Thank you, Sharon. Good morning, everybody. Welcome to Hays quarterly update call for the three months that ended 31st March 2023, the third quarter of our FY23 year. I'm David Phillips, Head of Investor Relations, and I'm here with James Hilton, Group Finance Director. Before we begin, please be aware that this call is being recorded, with the recording accessible using the number and code provided in the release. Please be aware that our discussions may contain forward-looking statements that are based on current expectations or beliefs, as well as assumptions on future events. There are risk factors which could cause actual results to differ materially from those expressed in or implied by such statements.
Hays disclaims any intention or obligation to revise or update any forward-looking statements that have been made during this call, regardless of whether these statements are affected as a result of new information, future events, or otherwise. I will now hand you over to James.
Thank you, David. Good morning, everyone, and thanks for joining us. I'll present the highlights and key themes of today's update and discuss the regional performances before taking questions. As usual, all net fee growth percentages are on a like-for-like basis versus prior year, unless otherwise stated. Overall, we delivered another record quarter with good growth across our key strategic areas, including Temp & Contracting and Technology, and an excellent performance in Germany. Group fees grew by 5%, including a monthly fee record in March, and our growth exit rate was 4%. Growth was led by our largest business, Temp & Contracting, which represented 59% of group fees and was up 11%. Perm fees decreased by 2% as activity levels reduced through the quarter, driven by reduced clients and candidate confidence, which led to a lengthening in time to hire in most perm markets.
Currency translation had a positive impact, increasing headline net fees by 5%. I would like to highlight the following. With Temp volumes down 2% overall, our growth in Temp was again driven by our actions to increase fee margins and our focus on higher value markets together with the positive effects of wage inflation. Overall Perm volumes, sorry, decreased by 11%, partially offset by continued increase in average Perm fee, which is up 9%. We delivered quarterly fee records in eight countries, including a standout performance in our largest business of Germany, up 23%, and also in EMEA. Our largest global specialism of Technology, 26% of group fees, also delivered another record quarter with fees up 8%.

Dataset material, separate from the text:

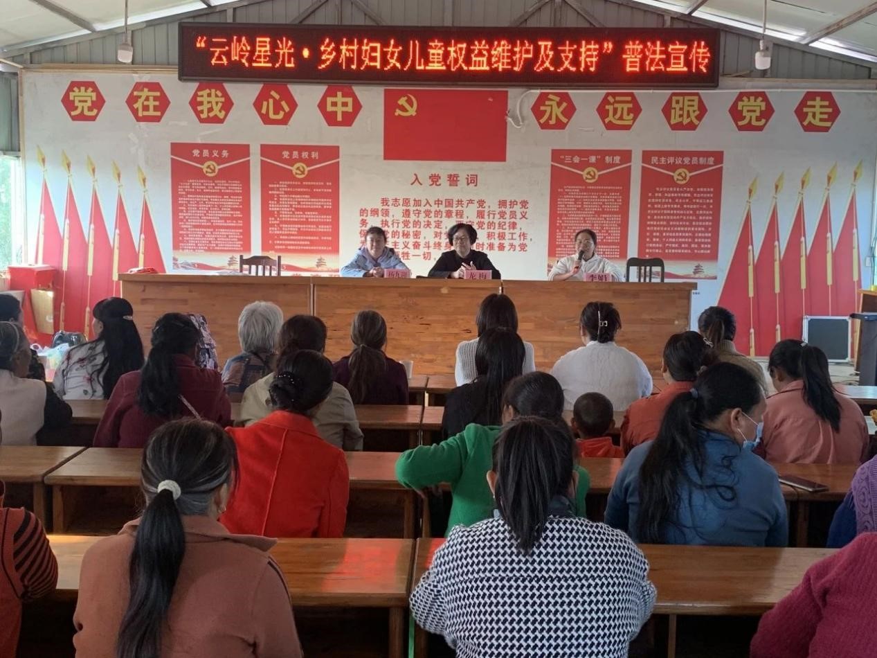 为认真贯彻习近平总书记关于妇女儿童和妇联工作重要论述,充分发挥妇联广泛联系妇女群众的优势,增强农村妇女尊法学法守法用法的自觉性和主动性,不断提高妇女维权意识和能力,11月9日至10日,学校乡村振兴办、妇女联合会及法学与社会学学院志愿服务团队联合梁河县妇联深入梁河县4个乡镇5个村开展“云岭星光·乡村妇女儿童权益维护”普法宣传活动,推进《民法典》《中华人民共和国反家庭暴力法》《中华人民共和国妇女权益保障法》、中华人民共和国家庭教育促进法》等法律法规进农村、进家庭,引导广大群众做“法律明白人”。

We also saw an excellent performance in our Engineering business, up 23%, and now our third largest specialism at 11% of group fees. consultant headcount decreased by 2% in the quarter as we continue to align our consultant capacity to the underlying levels of activity and demand in each of our markets. consultant headcount increased by 4% year-on-year, exiting the quarter in line with fee growth, with average consultant productivity at good levels. Our cash performance was solid with debtor days unchanged at low levels. Our 31st of March net cash position of circa GBP 80 million in line with our expectations and after GBP 12 million of share buybacks in the quarter. I will now comment on the performance by each division in more detail.
Our largest market of Germany, which represented 32% of group fees, delivered another record fee performance, up 23%. Fees increased sequentially through the quarter, driven by ongoing skill shortages in our high salary markets, higher than normal level of contract extensions, and solid client demand for new projects. We ended the quarter with near record contractor and Temp volumes. Contracting 60% of Germany fees delivered another record quarter, up an excellent 27%. This was driven by 10% growth in contractor volumes, together with 16% via the mix of improved fee margins and higher contractor rates. Average weekly hours per contractor increased by 1% versus the prior year. Temp, 24% of Germany fees increased by 20%, driven by 13% volume growth, and Perm increased by 13%.
At the specialism level, Technology, our largest specialism, was up 17%, Engineering up 27%, Accountancy & Finance up 30%, and HR up an outstanding 64%. consultant headcount was up 1% in the quarter and up 10% year-on-year. The U.K. and Ireland, 20% of group fees decreased by 2%. Performance was led by Temp, 58% of U.K. and I fees up 3%, entirely driven by increased margin and mix, with Temp volumes down 5%. Perm fees decreased by 8%, driven by volumes down 20% as Perm markets became more difficult through the quarter.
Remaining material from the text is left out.